When generating an ePub, make sure that there is a cover image named cover.jpg or cover.png in the input project directory.
Note: cover art placed in BibleConv/covers and named with the FCBHID of a project will override and overwrite cover art in the input project directory.
Haiola currently offers 4 options for HTML generation, selected on the "Advanced" tab:
Note: please use the latest haiola.css or a derivative of it when generating Mobile HTML sites, and the latest prophero.css or a derivative of it when generating Classic HTML or concordance sites, since there are slight differences in the tag sets used. If you customize either of these, it is best to rename your resulting .css file and use the CSS name option on the advanced tab to use yours to prevent future overwrites.

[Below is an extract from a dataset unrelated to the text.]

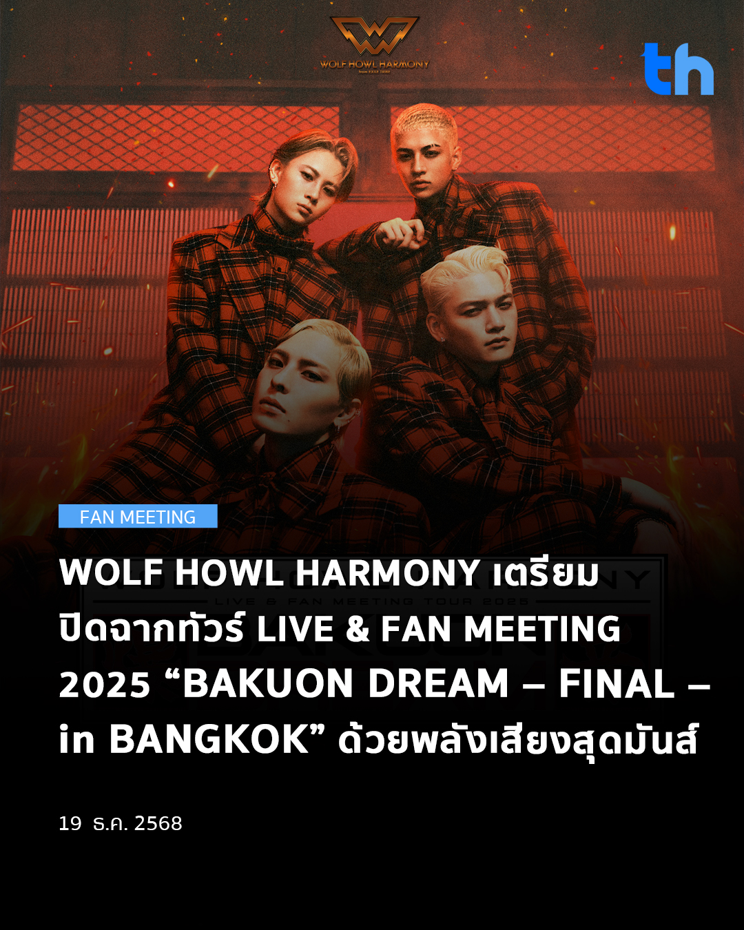 ร่วมเป็นส่วนหนึ่งของค่ำคืนแห่งเสียง HOWL นี้และร่วมปิดฉากความฝันบทสุดท้ายไปพร้อมกันใน WOLF HOWL HARMONY LIVE & FAN MEETING TOUR 2025

See the options on the "Concordance" and "Frames" tabs of the Haiola user interface if you are using one of the two later formats. The most-tested HTML output is with concordance and frames options turned off. Only the two simple HTML options (Mobile and Classic) support sparse books with not all chapters present. If you use the framed concordance option, the navigation generation fails if the project does not include non-canonical section titles. Therefore, I recommend that you use either or both of these options only with projects that have no incomplete books, which have introduction files, and which have \s section headers in all books. The static concordance option with frame-based navigation is a slight improvement over the original Prophero HTML output. It works well on larger screens (not smart phones). This is a stop-gap option. A better search option is now available with inScript output, but the generator for that format is currently a proprietary plugin for Haiola. Also, please note that when generating concordance files, the process takes a LONG time, and may appear frozen for several minutes at a time. The process can be sped up some by deleting the output html directory before starting. If it already exits, it will be deleted anyway and replaced. That is why web page elements that you want to persist between runs must be put in the input/project/htmlextras directory.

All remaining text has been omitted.